Referi aqui, na última crónica, a importância de equilibrar com justiça as relações entre o ser humano e a água em estado sólido, desiguais ao ponto de muitas vezes o gelo ser tratado como um mero cubo refrigerante de bebidas alcoólicas, sem respeito pelas convicções do gelo, que pode perfeitamente ser abstémio.

O ser humano explora abusivamente as características de frescura do gelo, sem considerar que este, por ser água, tem uma grande vantagem sobre os primatas. Enquanto os hominídeos falecem na ausência de oxigénio, a água, quando privada de oxigénio, transforma-se em hidrogénio, que por sua vez é o gás que forma as estrelas.

Num aparte a esta importante reflexão, repare-se que algumas estrelas mediáticas têm particular preferência por dormir em câmaras de oxigénio. Sendo muitas das vezes estrelas com características do hidrogénio molecular – não têm cor, não têm cheiro, e muito menos têm gosto, mas também não são tóxicas – a combinação nocturna com as moléculas de oxigénio transforma-os em água. No caso de estrelas socializadas em ambientes frios, podem mesmo transformar-se em pedras de gelo.

E há também críticas a fazer à mudança de género operada pela solidificação. A feminina água, depois do ponto de congelação, torna-se no masculino gelo. É claramente uma manifestação da sociedade machista patriarcal considerar que, no seu estado rígido, a água não pode manter a sua feminilidade, como se uma característica expectável do feminino seja uma maleabilidade semelhantes à dos líquidos. No entanto, o senso comum, tantas vezes em contraciclo com o pensamento científico, aponta para que, especialmente após vários anos de convivência conjugal, também um corpo feminino possa ser encontrado no seu estado gélido e rígido.

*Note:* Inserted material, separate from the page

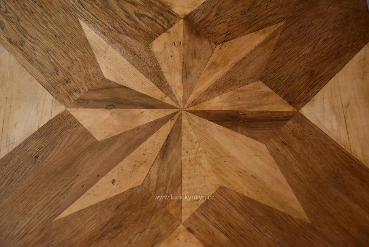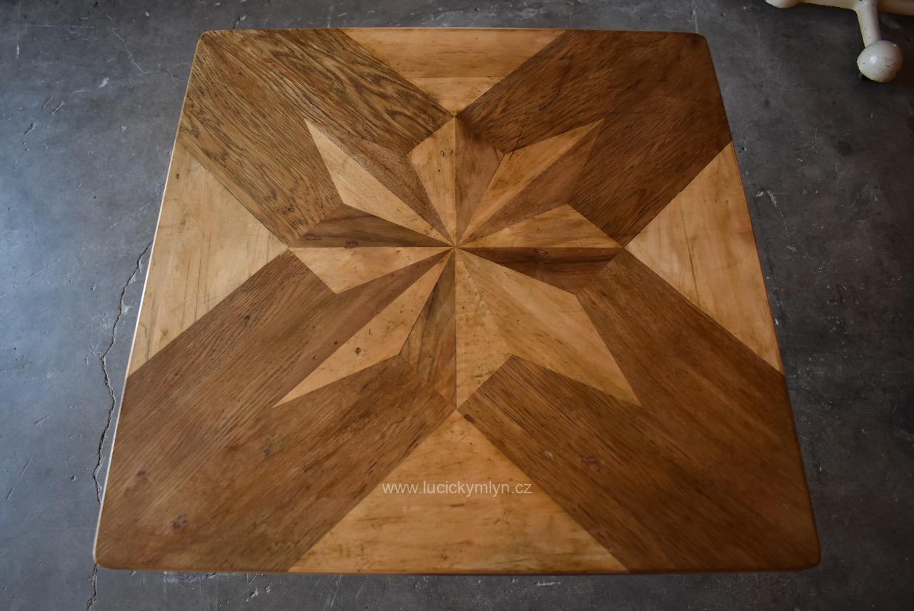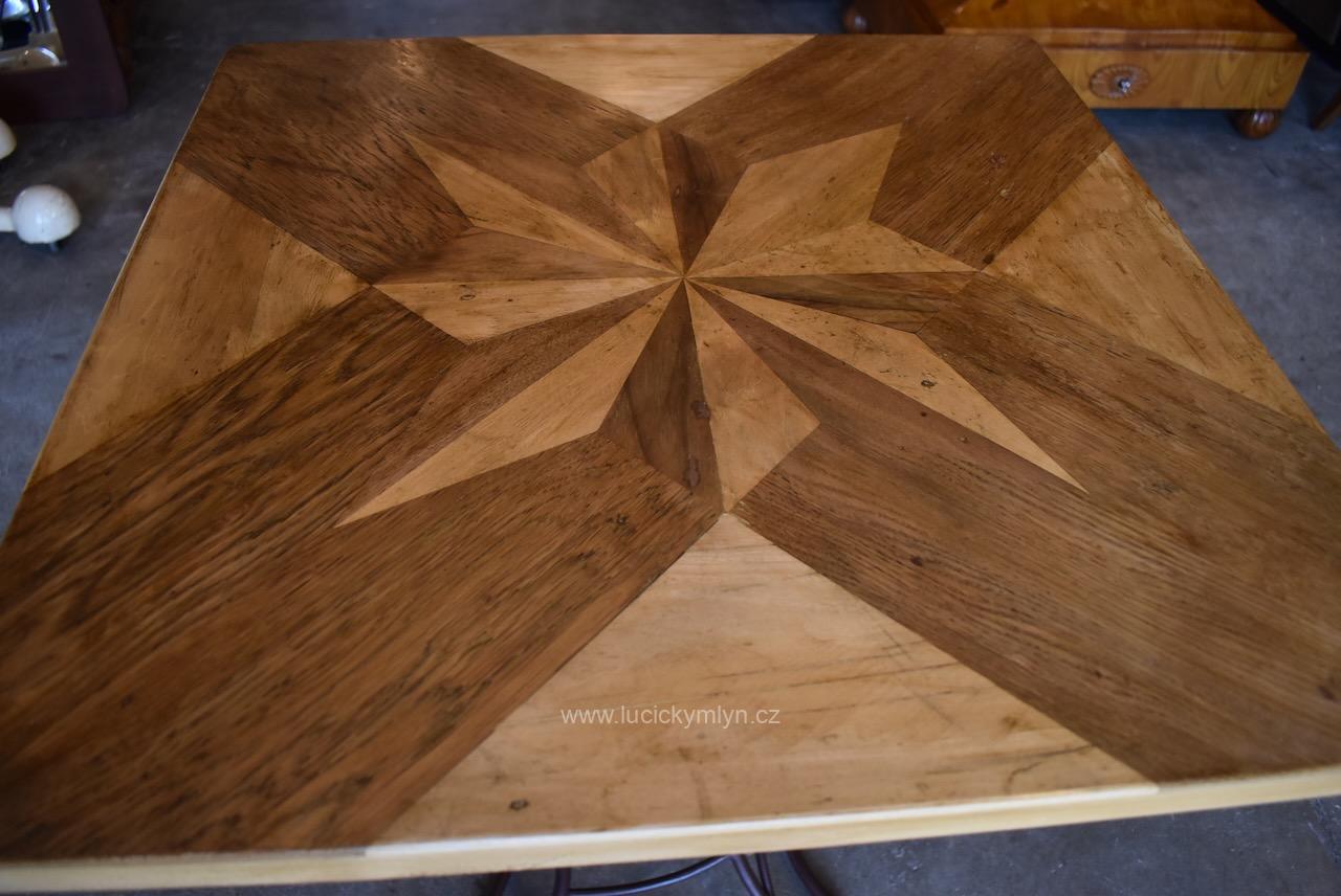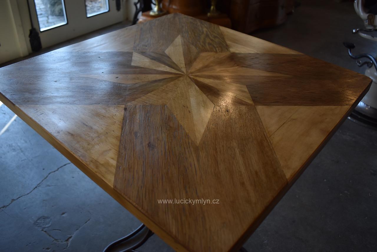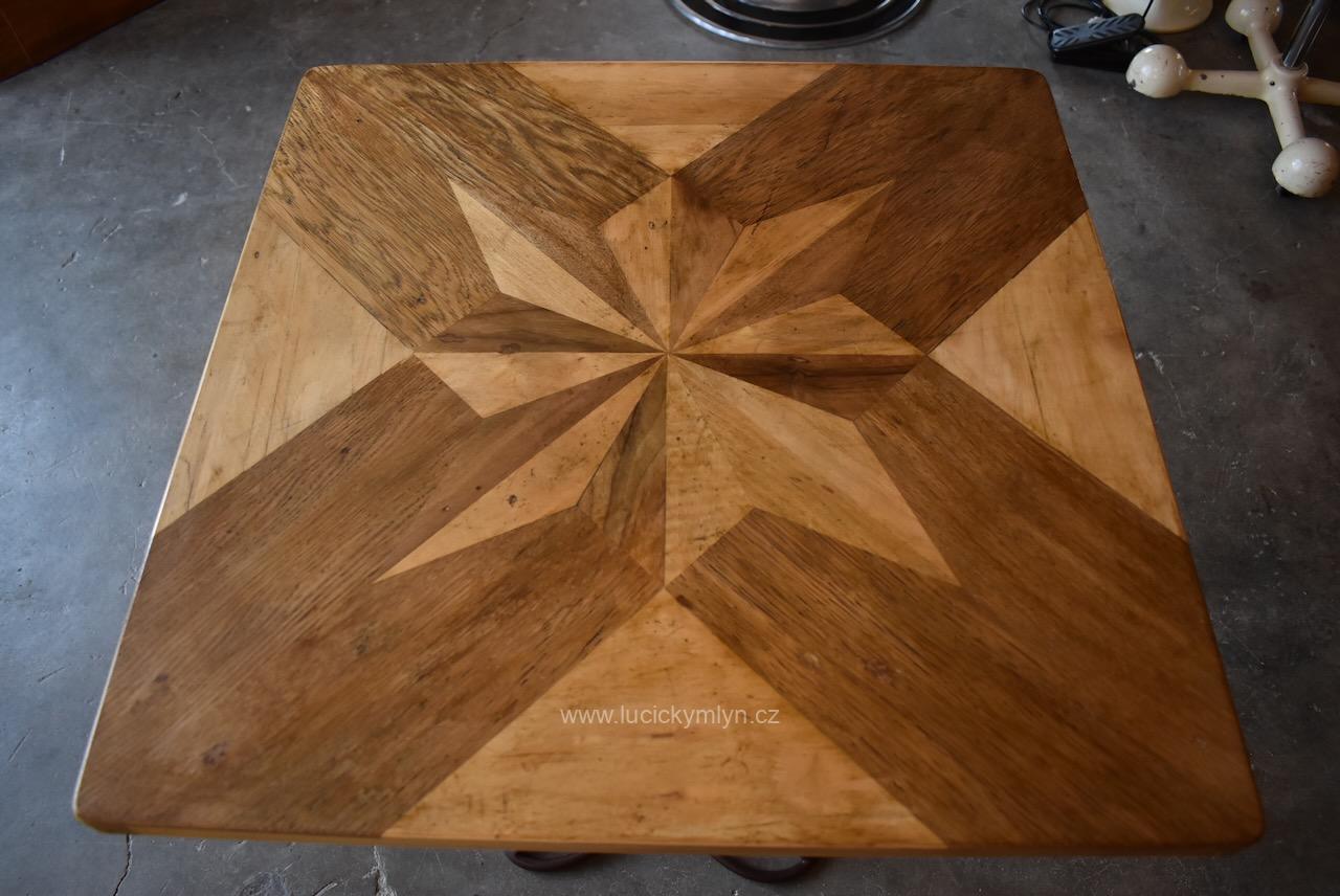 Vkusný a stabilní historický působivě ztvárněný stolek s vegetabilně pojatou podstavou z ohýbané a svařované železné kulatiny osazený originální zámeckou parketovou deskou s hvězdicí vykládanou z ušlechtilých dřev

Apesar da relação notoriamente desigual, os humanos sentem ainda necessidade de se proteger do gelo, particularmente quando este se encontra livremente na natureza, em grutas ou altas montanhas. Mesmo quando o criam em suas próprias casas, os humanos enfrentam o gelo temerosamente. E, às vezes, lá lhes cai uma estalactite em cima da cabeça.